Background Numerous observational studies indicate that more aggressive resection may prolong survival in glioblastoma patients. In Trondheim, Norway, intraoperative 3D ultrasound has been in increasing use since November 1997. The aim of the present study was to examine if the introduction of 3D ultrasound and neuronavigation (i. e., the SonoWand® system) may have had an impact on overall survival.

Patients/Material and Methods Patient data were obtained retrospectively for the 192 glio­blastoma patients who received surgery and postoperative radiotherapy between 1990 and 2005. Overall survival, before and after 1997, was compared using the log rank test. Possible confounders were adjusted for in a multivariate Cox regression analysis.

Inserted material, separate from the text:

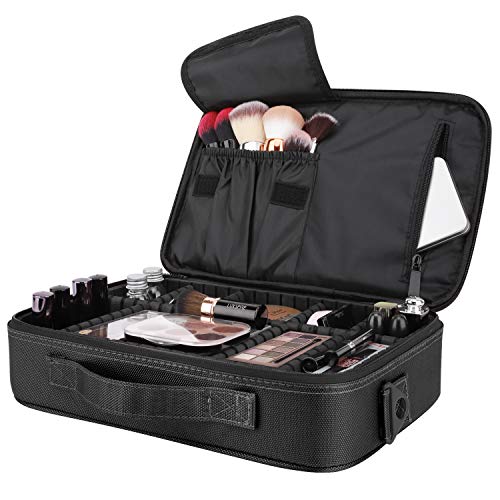 Luxspire Portátil Bolsa Cosmetica, Bolsa de neceser con gran capacidad y diseño divisible, Bolso de organizador maquillaje en viaje, Almacenamiento de Maquillaje Cosmético, Neceseres de viaje, Negro

Results We observed an increase in survival for patients in the last study period (9.6 vs. 11.9 months; HR = 0.7; p = 0.034). The significant improvement in the latest time period was sustained after adjusting for age, WHO performance status (≥2) and type of radiotherapy (normofractioned or hypofractioned), and chemotherapy (yes/no), p = 0.034. 10 out of 14 patients who survived more than 3 years received treatment after the implementation of 3D ultrasound.

Conclusion Our study demonstrates that survival has improved within the same period that intraoperative ultrasound and neuronavigation was introduced and established in our department. The demonstrated association is a necessity for causation, but given the nature of this study, one must be cautious to claim causality. The improvement was, however, significant after adjustment for known major prognostic factors.